Le travail d’Yslaire est original en ce qu’il permet l’illustration de l’élaboration d’une nouvelle société, politique et culturelle. Le dessin, qui est donc en lui-même une mise en abîme, s’articule autour d’une tension intéressante, entre l’esquisse et l’image aboutie. L’espace est souvent esquissé, comme si la Révolution n’était que passagère, éphémère. Cette notion du provisoire, d’une construction « en cours » s’oppose dans le dessin aux œuvres incrustées. Elles sont donc leur contraire, la pérennité de l’Art, l’incarnation de l’Histoire. Ainsi, dans le dessin, on perçoit cette tension entre le présent fugace, rapide (il suffit de constater le crayonnage qui entoure la table du comité de Salut public page 17) qui « dévore ses propres enfants » et le déjà passé qui se cristallise dans la représentation pour la postérité. Enfin, cette présence de l’esquisse et du collage dans le dessin donne une dimension de « bricolage » aux événements révolutionnaires, l’élaboration d’une nouvelle culture induit une réappropriation du déjà existant (la thématique antique par exemple qu’on retrouve dans la présence de nombreuses statues dédaliques, ou encore dans Le sommeil d’Endymion de David, planche 8).
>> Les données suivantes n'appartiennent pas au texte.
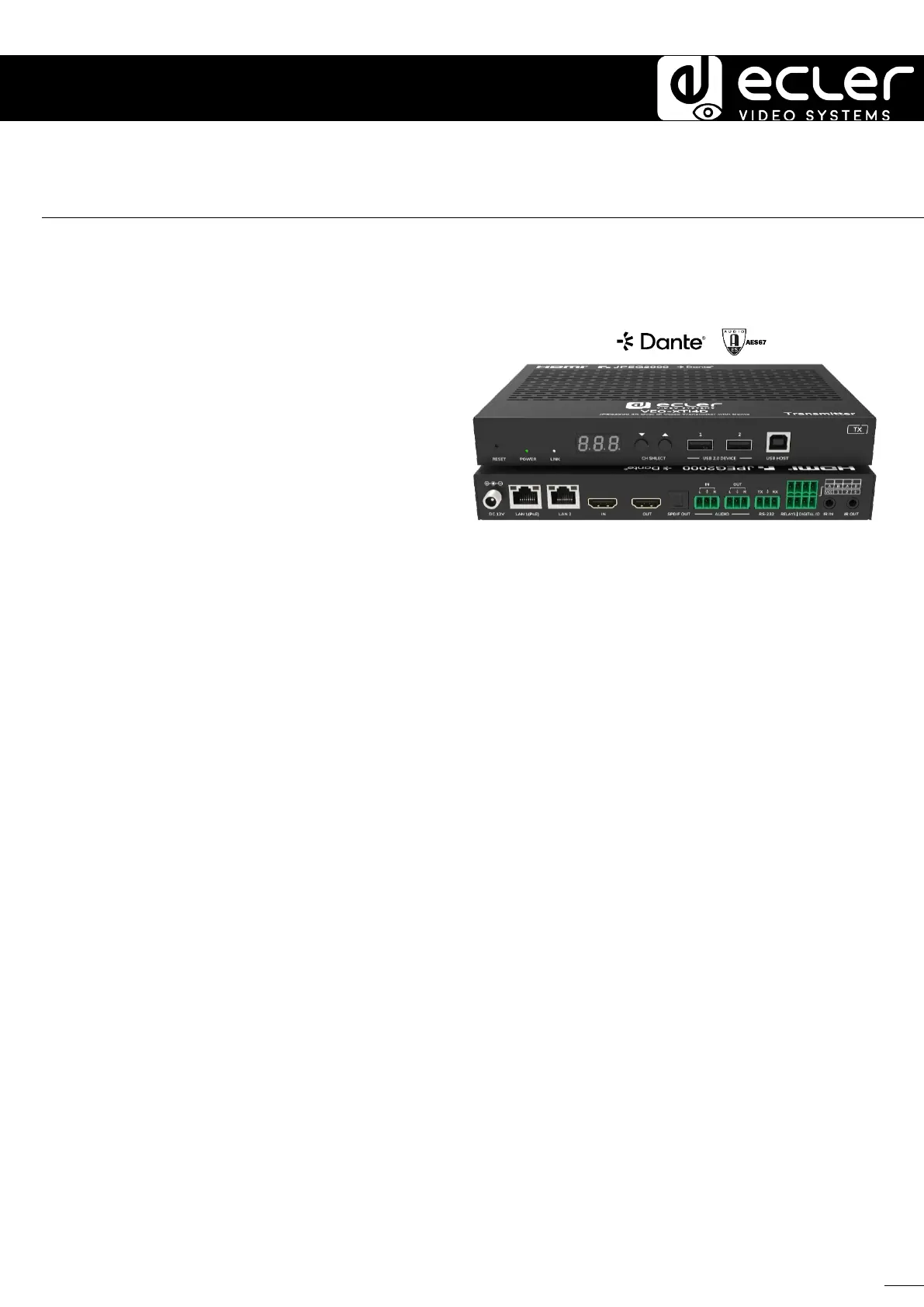 JPEG2000 4K Over IP Video Transmitter with Dante

Une seconde dimension s’offre à l’analyse autour de la question de la représentation : celle de la sacralité. A partir de la mort du roi, cette mort du père sur laquelle insiste Lynn Hunt, induit une nouveauté dans le rapport à la sacralité et crée de nouveaux enjeux politiques. Ainsi vont s’établir des liens étroits entre création d’une sacralité, pérennité et stabilité politique et production des images. Ce ciel « trop vide » dont parle Robespierre au début de l’ouvrage semble être propice à l’élaboration d’un renouveau sacral. Le ciel au dessus du Louvre présente ici une complexité intéressante. La base du récit est la production d’une représentation de l’Etre Suprême par David. Les œuvres de l’artiste parsèment les pages comme un palimpseste artistique où représenter le Père devient problématique et impossible. Les révolutionnaires se posent comme frères, unis par un serment fondateur. Cette dimension d’une sacralité originelle est incarnée par Le Serment des Horaces de David qui revient plusieurs fois en filigrane dans la bande dessinée. Mais les auteurs vont plus loin et mettent en avant la production de la sacralité à travers le portrait de Marat, mais aussi ceux de Le Pelletier, de Viala et enfin de Bara. Ce dernier, qui est le fil rouge de l’intrigue, ce portrait inachevé, se confond dans le récit avec la recherche de David de la représentation de l’Être Suprême. On comprend donc ici cette complexité induite par les auteurs entre production des images des martyrs dans un but politique et recherche imagée d’un Père sacré. Cette confusion voulue et convenue nous amène à nous interroger sur le rôle de Jules Stern dans le récit.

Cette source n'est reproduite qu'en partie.